I thought of Shane MacGowan, and Jesus too, the country boy in the city, always sticking to the old values, the way of seeing things that takes in that not all of the world is a city, but rather the vast majority is not and still needs to be accounted for and respected.   "Oh sweet city of my dreams, of speed and skill and schemes..."  The old dog track being torn down to make way for a car park, the tale of White City.  The city is a strange place, unfathomable if one could not see the nature in it.  My jaw had been full of pain, and I couldn't tell if I needed a goddamn root canal or if it was something in the weird popping joint of my jaw and so I went to go see my doctor, the consummate gentleman.  And walking down there I remembered how I used to go sit at the Starbuck's patio, whether or not I bought anything, my stomach no longer able to take coffee without acid discomfort, pulled out the old yellow legal pad and wrote pointlessly, except for the habit.  Writing notebooks--doesn't get much better than that, even if its drivel.  "Like Atlantis, you just disappeared from view, and the hare upon the wire, has been burnt upon your pyre, like the black dog who once raced from old track three..."  Not exactly ad copy, nor PR, nor an attempt to undermine the great democracy or promote anything in particular.



The countryside is values, something that will never leave you, your cells, your DNA.  A tree will always be a tree, and a welcome old friend in the strangeness of the city.

I cannot think of the Christian tale without considering that element of the country boy bringing the wisdom of nature, the innate parable quality to launch that comes out of having nature as an intimate friend deep in the psyche, the experience of being surrounded by, if not wild, trees, fields, countryside, animals.

I cannot think of the tale of MacGowan without picturing the farm in Tipperary, summers spent from childhood, contrast to London and the Barbicon tower apartment, the classic Irish thatched roof farmhouse, and the wild nature of country people.  Rainy Night in Soho always gets me, the lyricism of nature transforming the city into something sufficient and alive.  For reasons I do not know, the song rarely gets old for me.

What insight does that song bring, I'm not quite sure.  There's a wisdom in it, about love, I suppose.  And time.  "Now this song is nearly over.  We may never find out what it means.  Still there's a light that shines before me, and you're the measure of my dreams."

The model, I suppose, is stressed.  Lincoln came out of the great countryside, of Kentucky, of lost towns in Illinois, humble places, backwater.  Farm and animals.  Whatever the corporate lawyer he was for railroad companies, his fine house in Springfield, there is no city boy Trump playboy quality to him, and no helicopter, above the people, in which Lincoln ever travelled, having to sneak through Baltimore in disguise in a detached rail car to get to his Inaugural.

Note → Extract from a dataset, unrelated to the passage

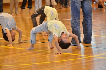 この数年の恒例イベント『三園合同レクリエーション』では体操対決!
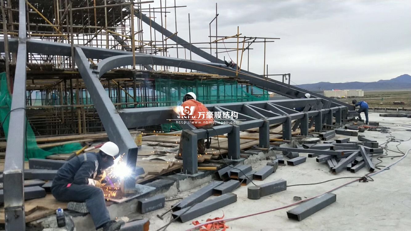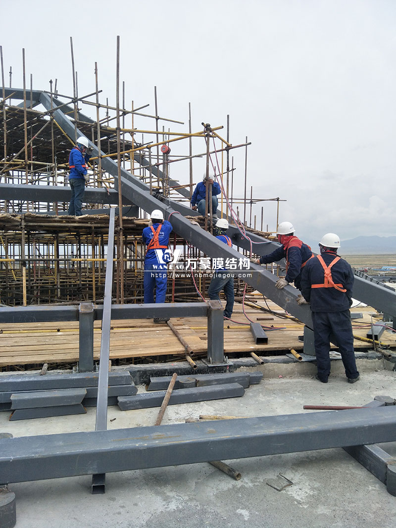 茶卡鹽湖景區(qū)綜合辦公樓及觀光塔鋼膜結(jié)構(gòu)項目施工中

Interesting, then, that the country people should fall for such a man as Trump and his corporate promises, his flashy stance of strength and power, a manipulator.

The chefs I knew, they were all country boys.  Strong, resourceful, resilient.  Keeping long hours, enjoying their beverages.  They were French, and Swiss, or a lady from Jackson, Mississippi, educated at Radcliffe.   They made things happen, they worked hard, they kept things consistent.  They were hearty.  They all like music.

City people, stylish, smart as they are, well-educated, there was something they lacked.  And what they lacked fell into a spiritual quality, and that quality, with access, but their talents pointed in a different direction from those who get their music and words from nature.

City people will always be wondering, "where did you get this talent, where did it come from?"  It stumps them.  So they counter by promoting their own city sound, their city writing, their city style, but, to my taste, they miss out on the real authentic thing.  They miss the beauty of the traditional, in favor of the urban.  Nothing against that, the source of the urban is the country anyway.